Still waiting for both passports the backlog in UK gave me the chance to apply for Emergency travel document for my son from the British embassy but for some reason the passport office in UK refused.
British Embassy saying they would refused visit visa for my son if I applied with different passport because he is British
Its now almost 11 months waiting for the child British passport there is no end here.


----------



## Hertsfem (Jun 19, 2013)

Where did you apply for the childs passport? inside or outside the UK?

We applied for my grandson at the end of May and got asked for further documents which we sent. Have you tried emailing them?

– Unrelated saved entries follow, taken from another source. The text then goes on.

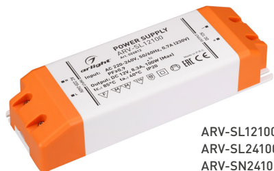
ARV-SL12100 ARV-SL24100 ARV-SN24100-PFC-C
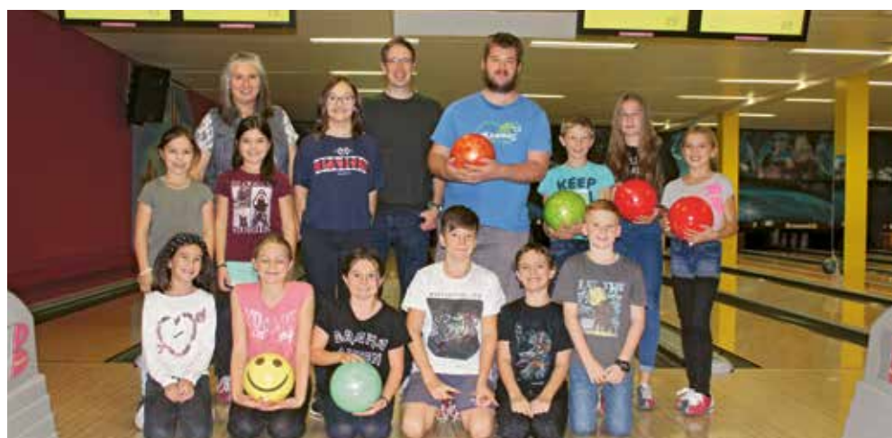
Mini-Ausflug ins Bowlingcenter Buchs
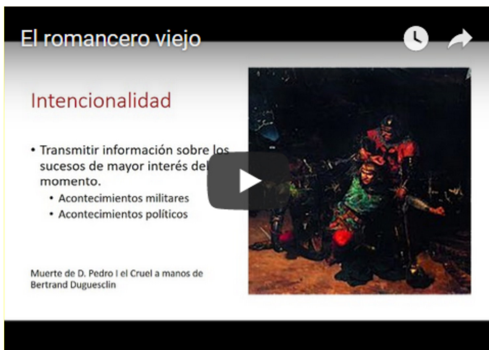
Vídeo nº 1. El romancero viejo.

Ve el siguiente vídeo sobre el romancero y completa el texto con las palabras del recuadro:
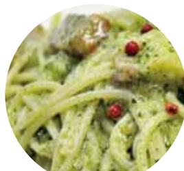
桑の葉パスタソース The CAFE L.D.K
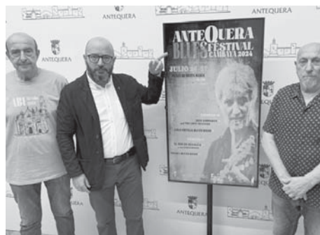
Rueda de prensa VIVA

El sábado 27 será el turno de El Oso de Benalúa y sus
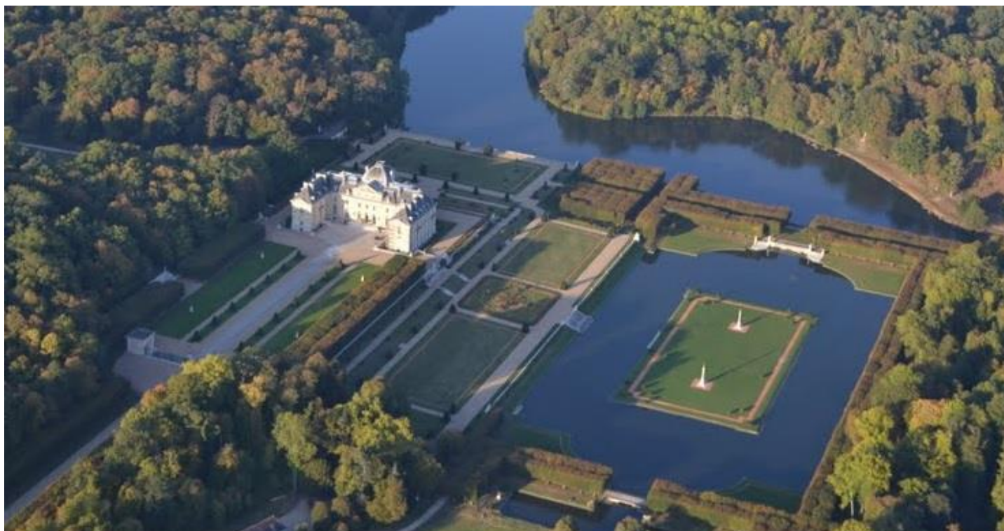
4 – Château de Voisins, Saint-Hilarion (Yvelines)
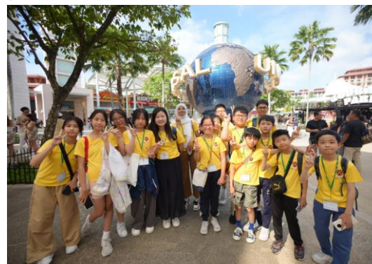
新加坡英語文化體驗及STEAM學習之旅
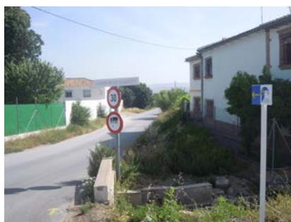
WPT5. Fin de etapa
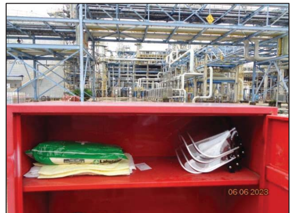
ชุดกันสารเคมีระดับ C
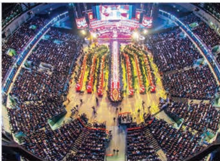
הקהל העצום בהיכל הארנה בירושלים
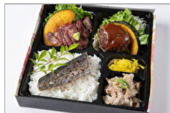
特選サーロインステーキ・デミグ ラスハンバーグ・しゃぶしゃぶの 魚の塩焼きのせご飯
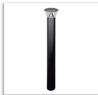
Светильник NightWatch HGP433
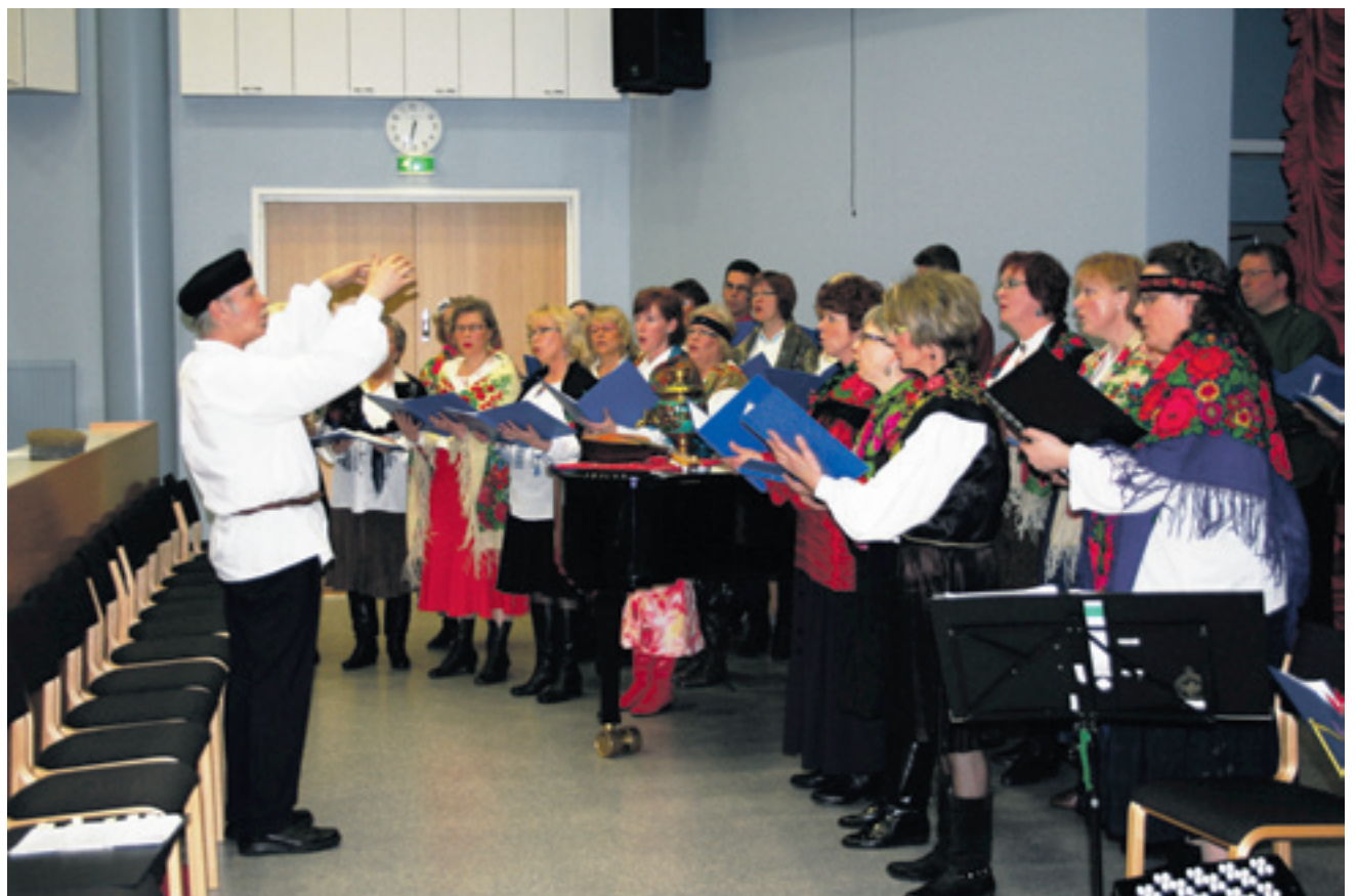
Soliseva kuoro Rannikon Venäjä-seuran 3. huhtikuuta 2009 järjestämässä illassa.

Elvistely käynnistyy maanantaina 12. syyskuuta kello 19.00 lukion Pauha-salissa. Tule, niin näytetään...!
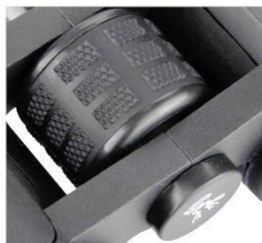
Slika 5: Gumb za ostrenje osrednji gumb za ostrenje
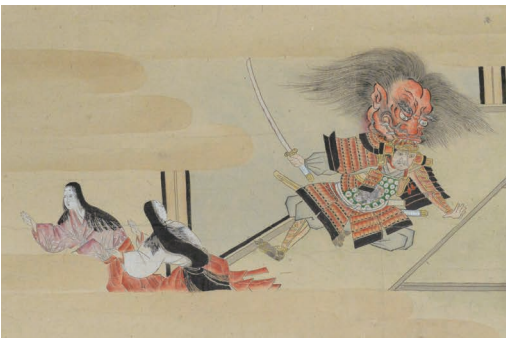
<大江山絵巻 下巻> 湯本豪一記念日本妖怪博物館（三次ものけミュージアム）蔵

Funny you should mention this as my DIL has just emailed them asking if she can get an ETD for him as her spouse visa won't be much longer now. She also asked if she would have to withdraw that application if applying for an ETD etc.

Hope to hear back early next week.

Incidently the waiting time shot up from 6 weeks to 18 weeks from Zimbabwe...


----------



## highfive (Jul 12, 2012)

Applied from outside uk on october 2013
Few weeks ago they said they were still doing checks


----------



## Hertsfem (Jun 19, 2013)

That's a very long time indeed


----------



## will1927 (Sep 21, 2013)

hi, I am in the same position as you, almost 6 month waiting for overseas 1st child's passports. all overseas passport now have to follow the same process as uk ones, all the documents which have been sent, have to be checked with the country from where they have been sent, also in some case an interview is required..

i don't understand, as the visa4uk online web page, it ask for your dependents passport number. how could you submit your application with out passport number...

the reason why i ask, is i am waiting for my kids passports before i submit our application..

will


----------



## Hertsfem (Jun 19, 2013)

When my DIL applied she put "passport pending" and the put an explanation in the notes...


----------



## will1927 (Sep 21, 2013)

Hertsfem said:


> When my DIL applied she put "passport pending" and the put an explanation in the notes...


hi, I was under the impression that if you did not supply a uk passport number that the eco would put a hold your visa application. also what is the chance that your uk passport is granted or not granted, every one is different...also didn't you have prove that you were applying for British passport

didn't the vis4uk web site, not make you pay for your child's visa, as from that time of application there not British citizens..

british overseas 1st childs passports are taking 6-9 months at present time 

will


----------



## Hertsfem (Jun 19, 2013)

Why were you under that impression? The child is a citizen so why should the passport be refused? We sent a copy of the childs citizenship document. The child did not need a visa as he is a citizen of UK. Yes he was a citizen at the time of application.

I think the processing time depends on which country you are applying from..


----------



## will1927 (Sep 21, 2013)

Hertsfem said:


> Why were you under that impression? The child is a citizen so why should the passport be refused? We sent a copy of the childs citizenship document. The child did not need a visa as he is a citizen of UK. Yes he was a citizen at the time of application.
> 
> I think the processing time depends on which country you are applying from..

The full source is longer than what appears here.